── Data shown ──

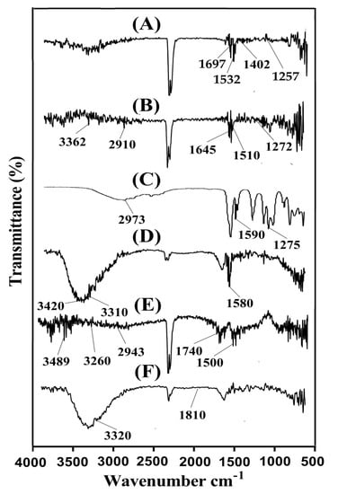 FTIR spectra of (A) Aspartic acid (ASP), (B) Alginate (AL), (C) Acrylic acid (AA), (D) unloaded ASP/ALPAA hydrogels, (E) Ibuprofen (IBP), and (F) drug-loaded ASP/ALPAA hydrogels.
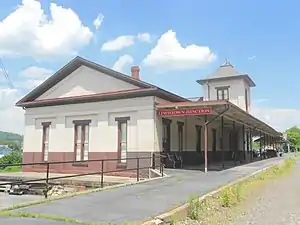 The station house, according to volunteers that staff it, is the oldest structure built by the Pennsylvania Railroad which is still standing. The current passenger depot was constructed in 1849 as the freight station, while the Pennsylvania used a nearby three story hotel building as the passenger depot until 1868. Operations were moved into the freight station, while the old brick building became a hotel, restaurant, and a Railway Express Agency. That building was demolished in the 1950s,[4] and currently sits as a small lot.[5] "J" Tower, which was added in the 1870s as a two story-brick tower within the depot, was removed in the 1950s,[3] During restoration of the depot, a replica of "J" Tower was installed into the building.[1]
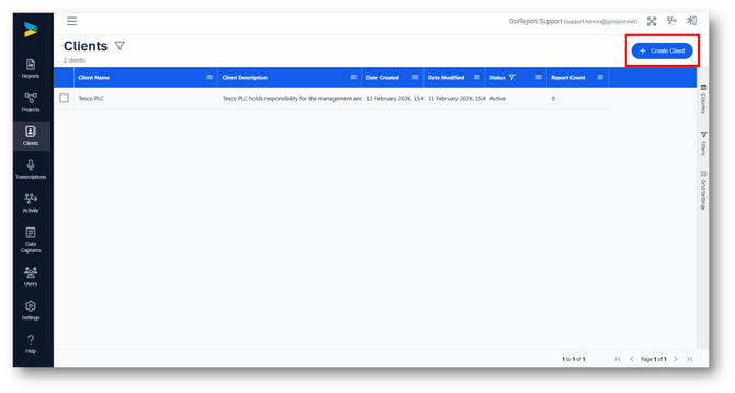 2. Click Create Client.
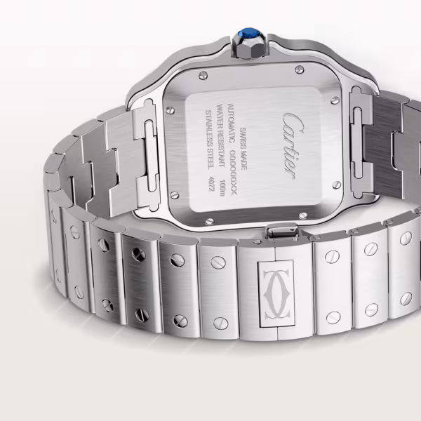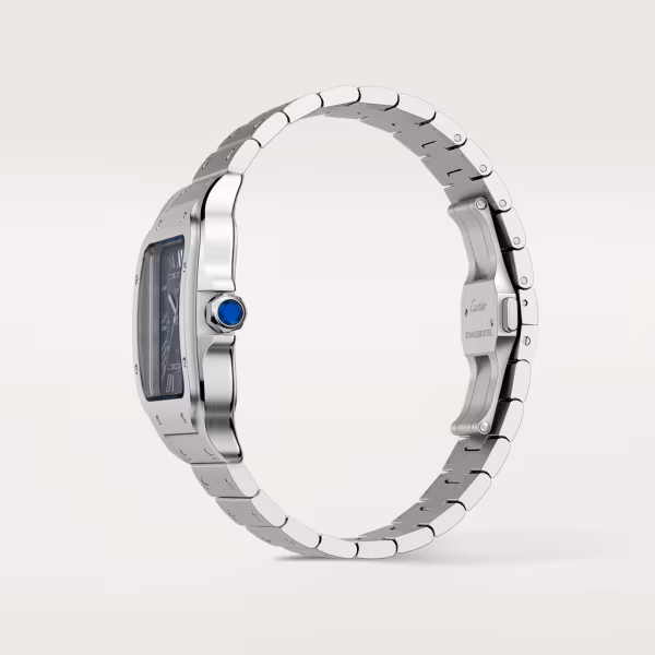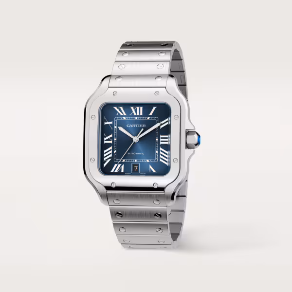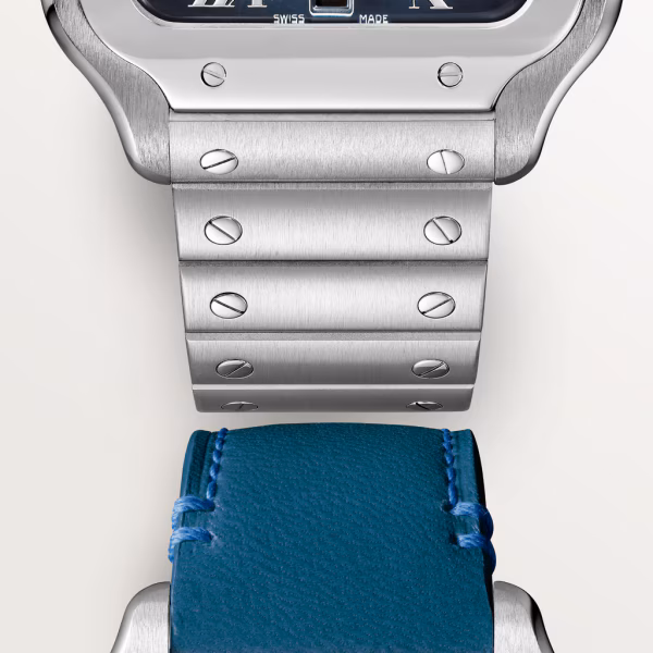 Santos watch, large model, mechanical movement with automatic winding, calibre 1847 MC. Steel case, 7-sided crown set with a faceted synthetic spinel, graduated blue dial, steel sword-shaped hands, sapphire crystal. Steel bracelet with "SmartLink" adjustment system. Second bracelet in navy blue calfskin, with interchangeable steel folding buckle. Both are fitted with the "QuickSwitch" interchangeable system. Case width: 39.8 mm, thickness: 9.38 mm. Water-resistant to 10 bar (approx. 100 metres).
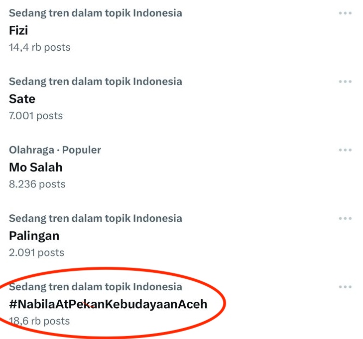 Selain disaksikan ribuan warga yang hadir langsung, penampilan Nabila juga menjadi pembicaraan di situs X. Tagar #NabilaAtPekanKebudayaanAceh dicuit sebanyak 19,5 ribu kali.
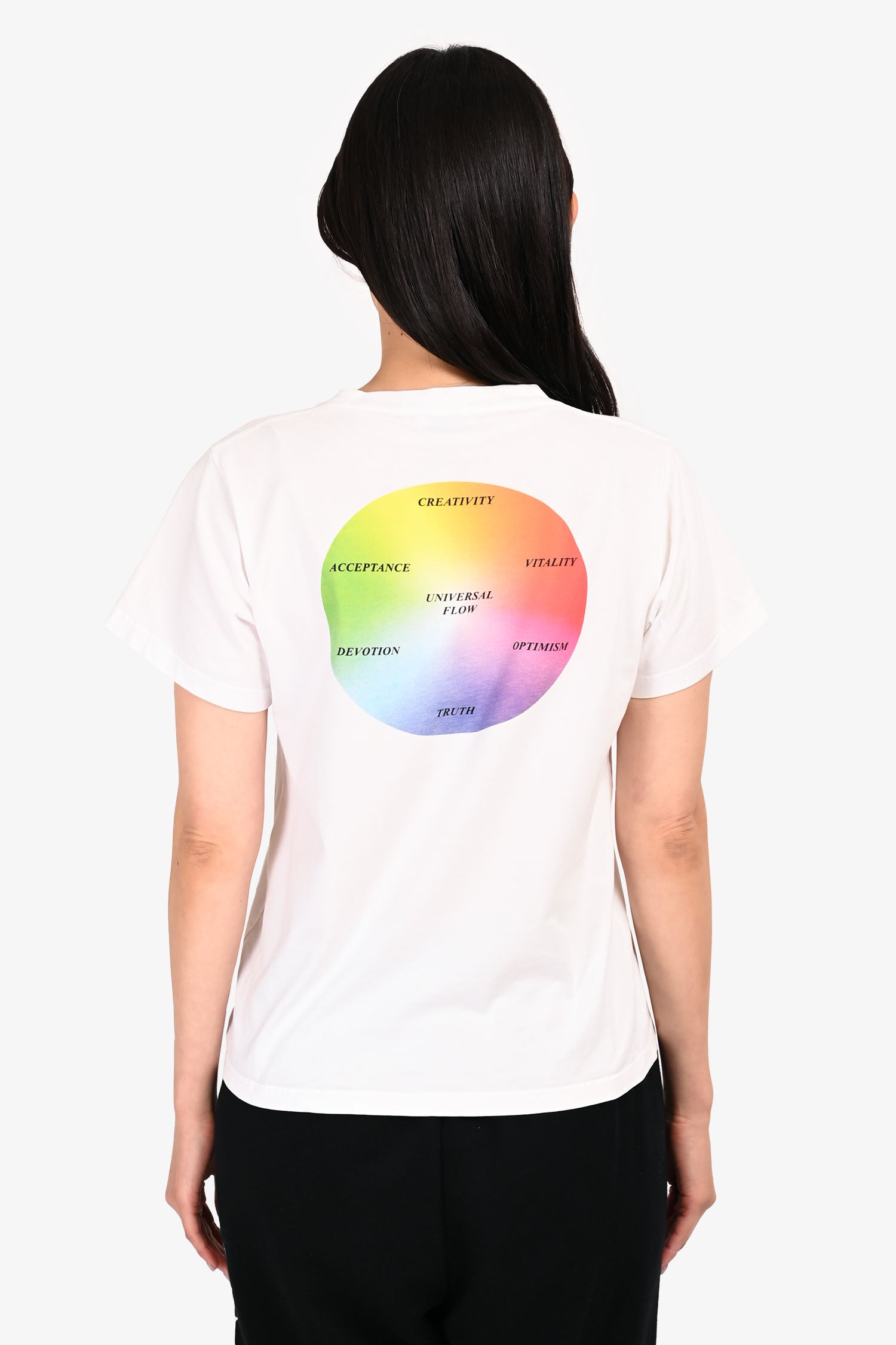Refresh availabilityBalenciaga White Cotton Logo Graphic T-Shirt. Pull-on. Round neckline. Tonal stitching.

───

• **Action item**:
An exact copy is needed of every line from the line containing "2. Click Create Client." to the last line of the records; pictures stay out of it.

• **Response box**:
 2. Click Create Client.
 Santos watch, large model, mechanical movement with automatic winding, calibre 1847 MC. Steel case, 7-sided crown set with a faceted synthetic spinel, graduated blue dial, steel sword-shaped hands, sapphire crystal. Steel bracelet with "SmartLink" adjustment system. Second bracelet in navy blue calfskin, with interchangeable steel folding buckle. Both are fitted with the "QuickSwitch" interchangeable system. Case width: 39.8 mm, thickness: 9.38 mm. Water-resistant to 10 bar (approx. 100 metres).
 Selain disaksikan ribuan warga yang hadir langsung, penampilan Nabila juga menjadi pembicaraan di situs X. Tagar #NabilaAtPekanKebudayaanAceh dicuit sebanyak 19,5 ribu kali.
Refresh availabilityBalenciaga White Cotton Logo Graphic T-Shirt. Pull-on. Round neckline. Tonal stitching.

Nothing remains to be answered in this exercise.